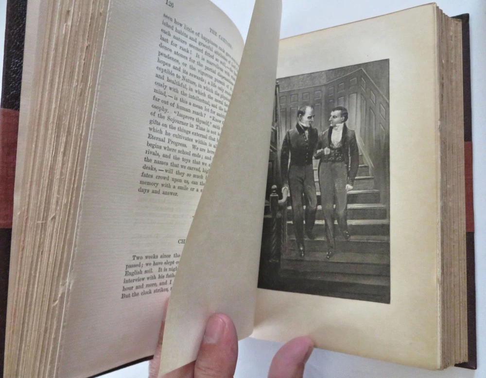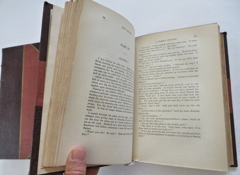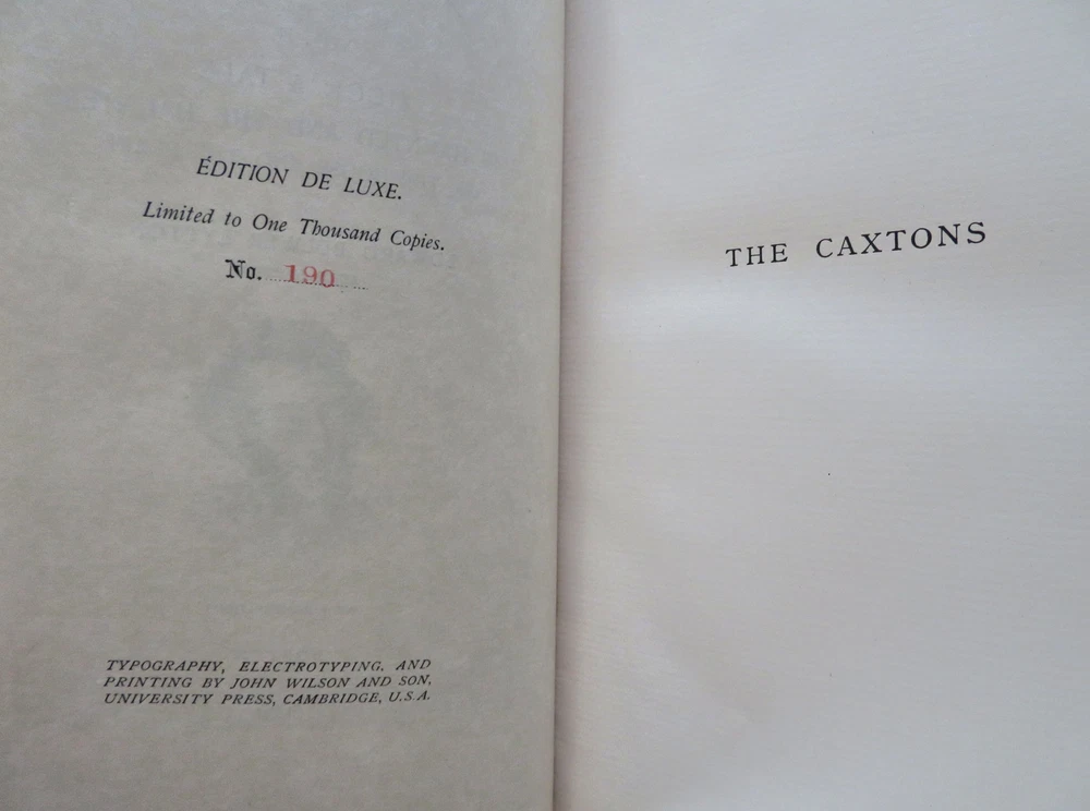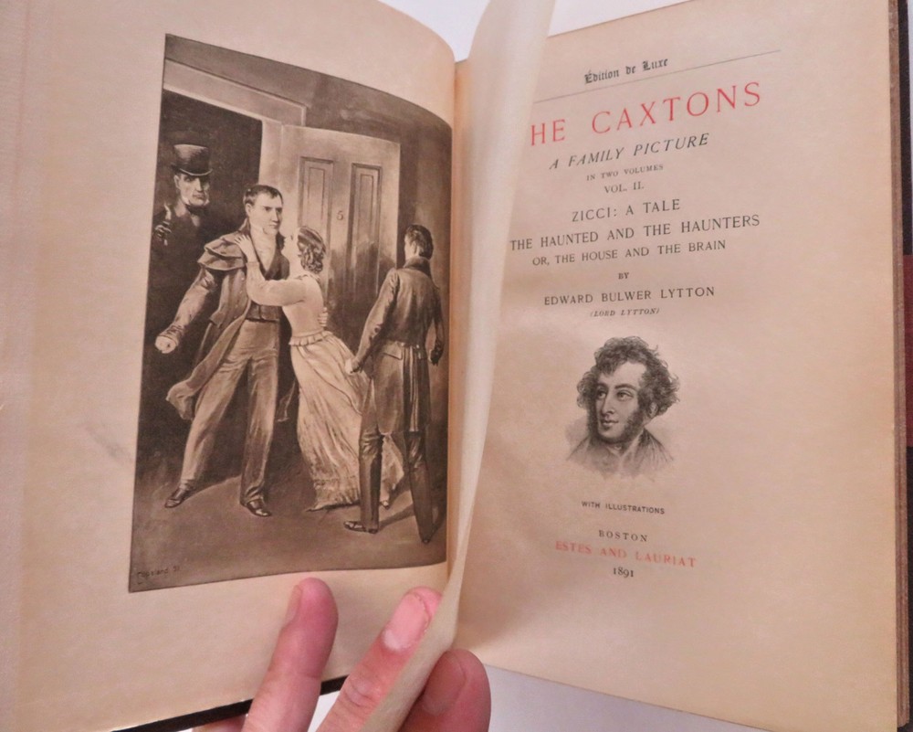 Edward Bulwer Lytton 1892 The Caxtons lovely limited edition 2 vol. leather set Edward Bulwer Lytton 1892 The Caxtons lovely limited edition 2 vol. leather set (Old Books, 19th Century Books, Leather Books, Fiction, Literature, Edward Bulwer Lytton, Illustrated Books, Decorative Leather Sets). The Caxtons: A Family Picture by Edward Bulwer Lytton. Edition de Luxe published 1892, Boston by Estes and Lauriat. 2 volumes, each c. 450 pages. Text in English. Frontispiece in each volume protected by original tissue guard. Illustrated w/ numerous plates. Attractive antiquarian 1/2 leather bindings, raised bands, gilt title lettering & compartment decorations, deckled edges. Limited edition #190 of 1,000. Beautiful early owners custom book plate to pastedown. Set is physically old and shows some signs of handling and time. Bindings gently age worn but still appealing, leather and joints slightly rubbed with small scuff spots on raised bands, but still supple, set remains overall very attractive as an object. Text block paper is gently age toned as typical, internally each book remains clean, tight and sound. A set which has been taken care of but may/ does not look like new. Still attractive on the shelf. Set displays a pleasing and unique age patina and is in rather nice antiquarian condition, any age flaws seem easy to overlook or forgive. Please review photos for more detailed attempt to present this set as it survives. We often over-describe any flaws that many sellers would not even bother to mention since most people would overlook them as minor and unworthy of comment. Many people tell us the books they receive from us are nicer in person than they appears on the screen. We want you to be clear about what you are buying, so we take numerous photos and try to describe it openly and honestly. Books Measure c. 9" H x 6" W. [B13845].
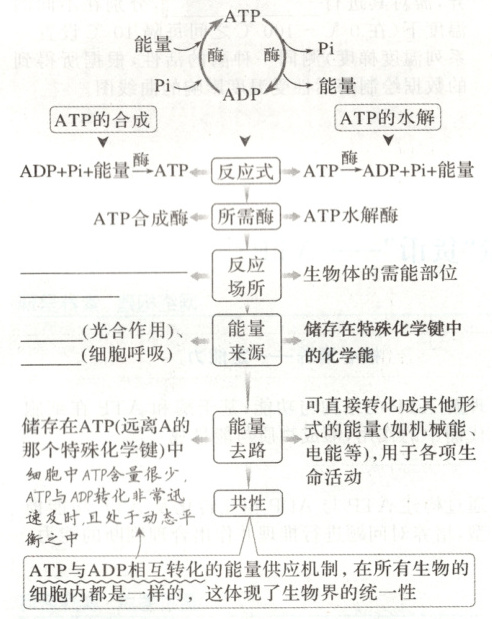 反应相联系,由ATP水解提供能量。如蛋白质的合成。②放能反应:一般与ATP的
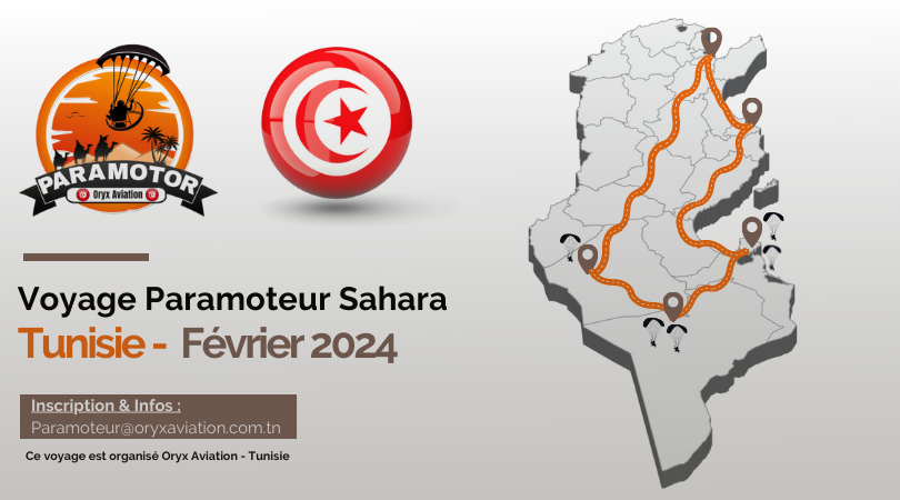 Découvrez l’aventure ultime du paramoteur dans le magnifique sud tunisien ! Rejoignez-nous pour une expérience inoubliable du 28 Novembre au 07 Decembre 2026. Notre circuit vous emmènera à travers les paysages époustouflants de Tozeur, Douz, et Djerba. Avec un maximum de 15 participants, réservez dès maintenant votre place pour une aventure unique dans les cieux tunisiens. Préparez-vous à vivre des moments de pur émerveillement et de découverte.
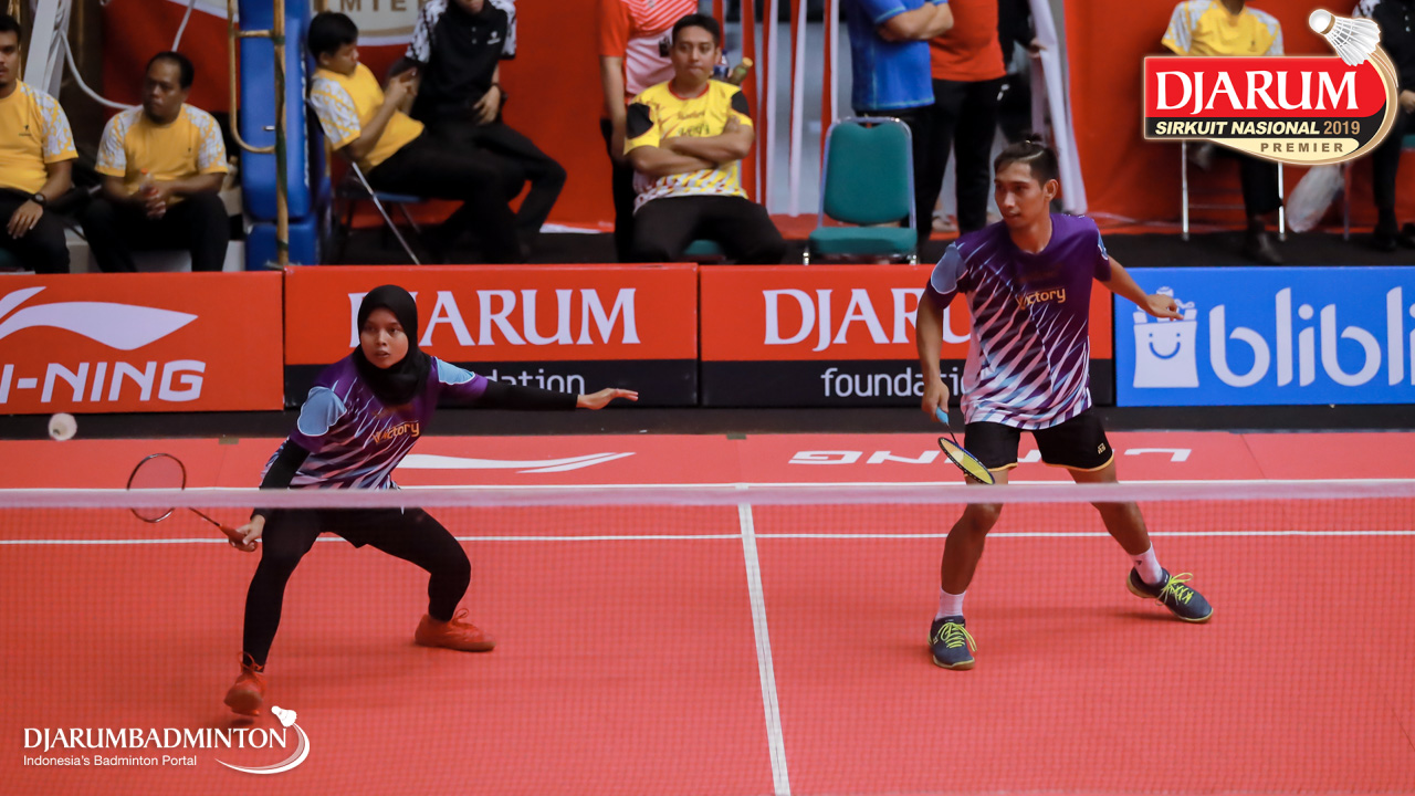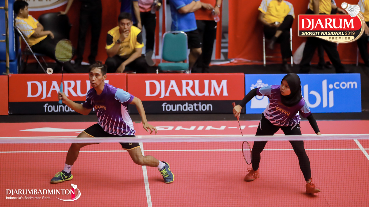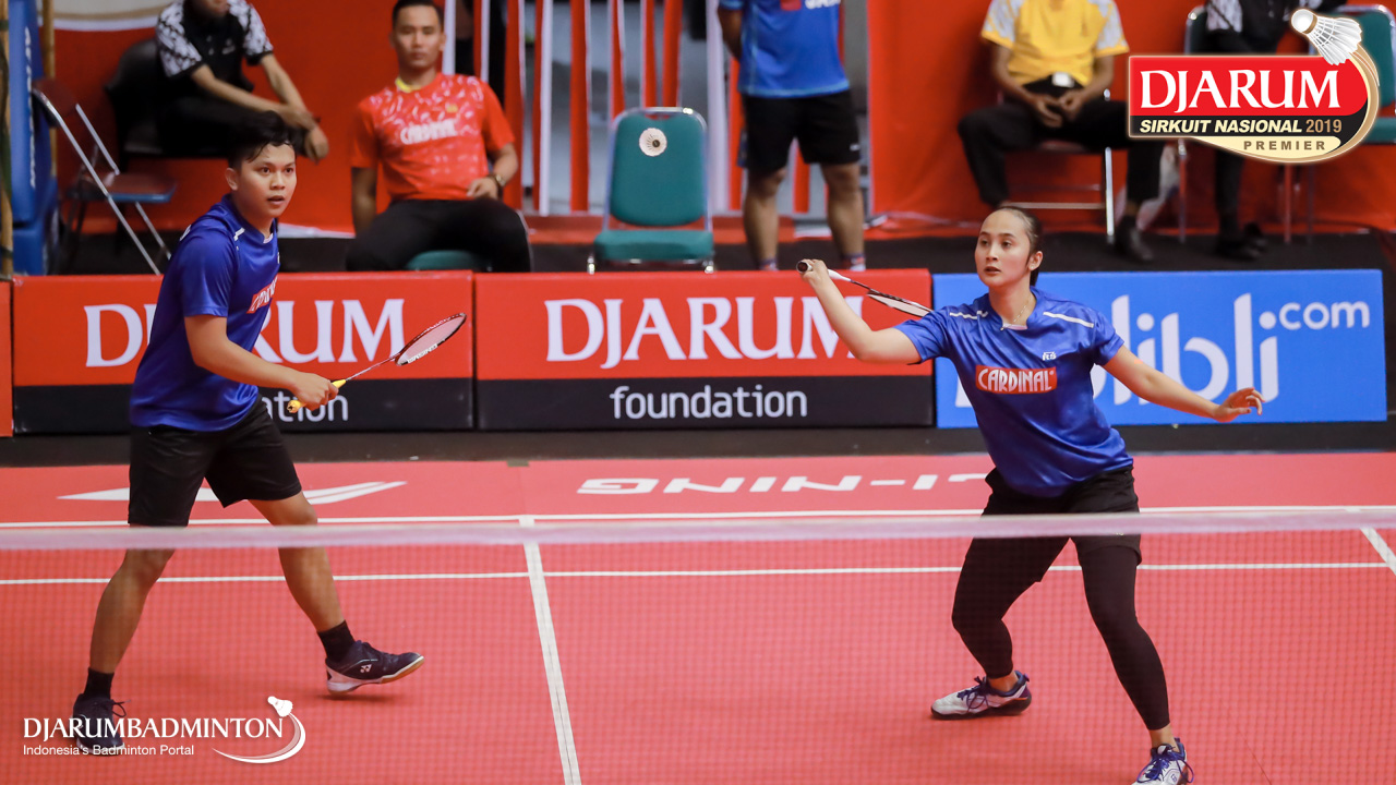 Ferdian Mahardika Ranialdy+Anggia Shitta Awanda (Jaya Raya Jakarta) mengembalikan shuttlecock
○ ○ ○ ○
◆ DIRECTIONS FOR THIS TASK
Keep the pictures out and repeat exactly the lines from the beginning of the data through the line that contains "反应相联系,由ATP水解提供能量。如蛋白质的合成。②放能反应:一般与ATP的", both ends included.

◆ WRITTEN RESPONSE
 Edward Bulwer Lytton 1892 The Caxtons lovely limited edition 2 vol. leather set Edward Bulwer Lytton 1892 The Caxtons lovely limited edition 2 vol. leather set (Old Books, 19th Century Books, Leather Books, Fiction, Literature, Edward Bulwer Lytton, Illustrated Books, Decorative Leather Sets). The Caxtons: A Family Picture by Edward Bulwer Lytton. Edition de Luxe published 1892, Boston by Estes and Lauriat. 2 volumes, each c. 450 pages. Text in English. Frontispiece in each volume protected by original tissue guard. Illustrated w/ numerous plates. Attractive antiquarian 1/2 leather bindings, raised bands, gilt title lettering & compartment decorations, deckled edges. Limited edition #190 of 1,000. Beautiful early owners custom book plate to pastedown. Set is physically old and shows some signs of handling and time. Bindings gently age worn but still appealing, leather and joints slightly rubbed with small scuff spots on raised bands, but still supple, set remains overall very attractive as an object. Text block paper is gently age toned as typical, internally each book remains clean, tight and sound. A set which has been taken care of but may/ does not look like new. Still attractive on the shelf. Set displays a pleasing and unique age patina and is in rather nice antiquarian condition, any age flaws seem easy to overlook or forgive. Please review photos for more detailed attempt to present this set as it survives. We often over-describe any flaws that many sellers would not even bother to mention since most people would overlook them as minor and unworthy of comment. Many people tell us the books they receive from us are nicer in person than they appears on the screen. We want you to be clear about what you are buying, so we take numerous photos and try to describe it openly and honestly. Books Measure c. 9" H x 6" W. [B13845].
 反应相联系,由ATP水解提供能量。如蛋白质的合成。②放能反应:一般与ATP的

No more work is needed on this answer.